TRY IT: Any picture in the data below should be skipped, while every line is repeated exactly.
INPUT DATA START
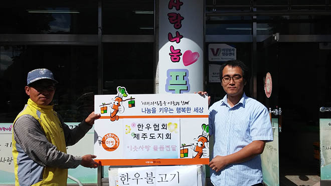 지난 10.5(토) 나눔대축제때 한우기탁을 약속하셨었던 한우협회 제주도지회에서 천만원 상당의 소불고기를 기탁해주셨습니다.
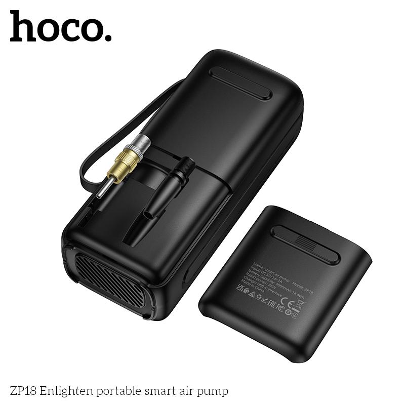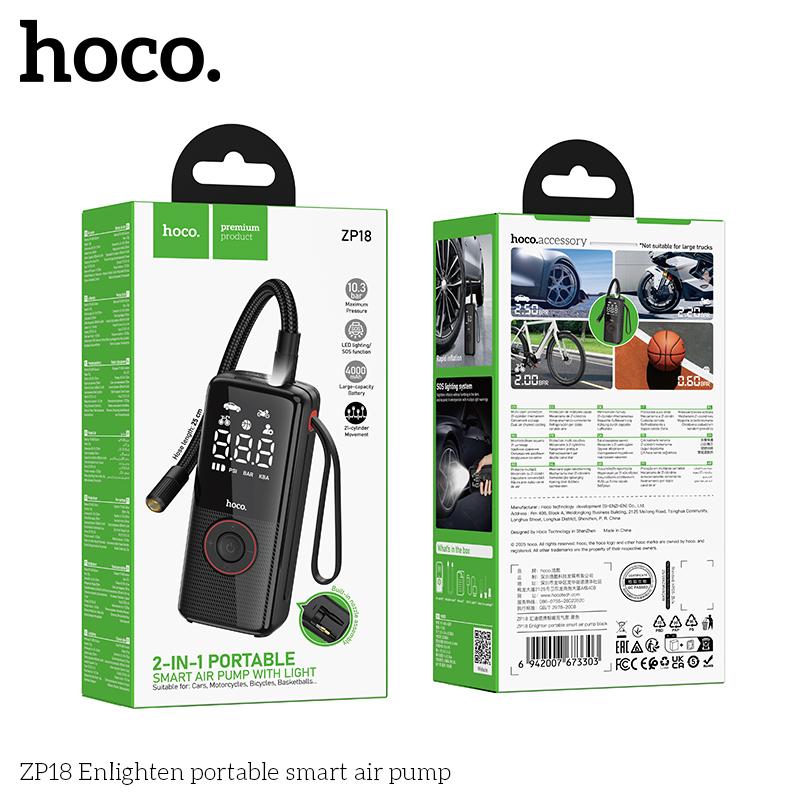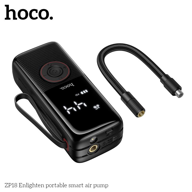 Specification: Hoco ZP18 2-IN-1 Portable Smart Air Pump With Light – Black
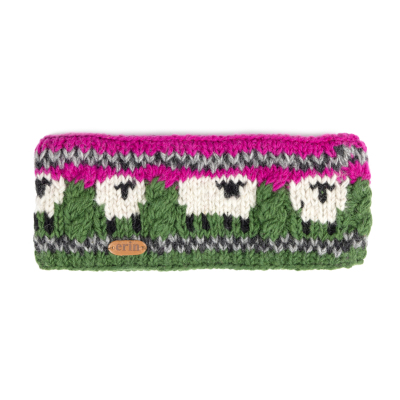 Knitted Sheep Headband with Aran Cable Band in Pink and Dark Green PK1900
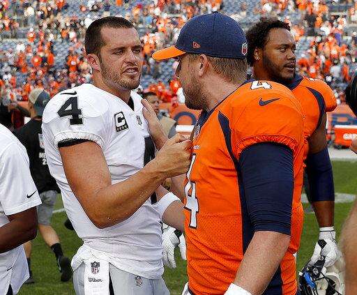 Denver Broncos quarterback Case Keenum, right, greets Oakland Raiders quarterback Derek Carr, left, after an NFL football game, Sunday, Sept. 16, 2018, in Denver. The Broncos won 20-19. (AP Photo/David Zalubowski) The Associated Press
INPUT DATA END
SOLUTION TO THE EXERCISE:
 지난 10.5(토) 나눔대축제때 한우기탁을 약속하셨었던 한우협회 제주도지회에서 천만원 상당의 소불고기를 기탁해주셨습니다.
 Specification: Hoco ZP18 2-IN-1 Portable Smart Air Pump With Light – Black
 Knitted Sheep Headband with Aran Cable Band in Pink and Dark Green PK1900
 Denver Broncos quarterback Case Keenum, right, greets Oakland Raiders quarterback Derek Carr, left, after an NFL football game, Sunday, Sept. 16, 2018, in Denver. The Broncos won 20-19. (AP Photo/David Zalubowski) The Associated Press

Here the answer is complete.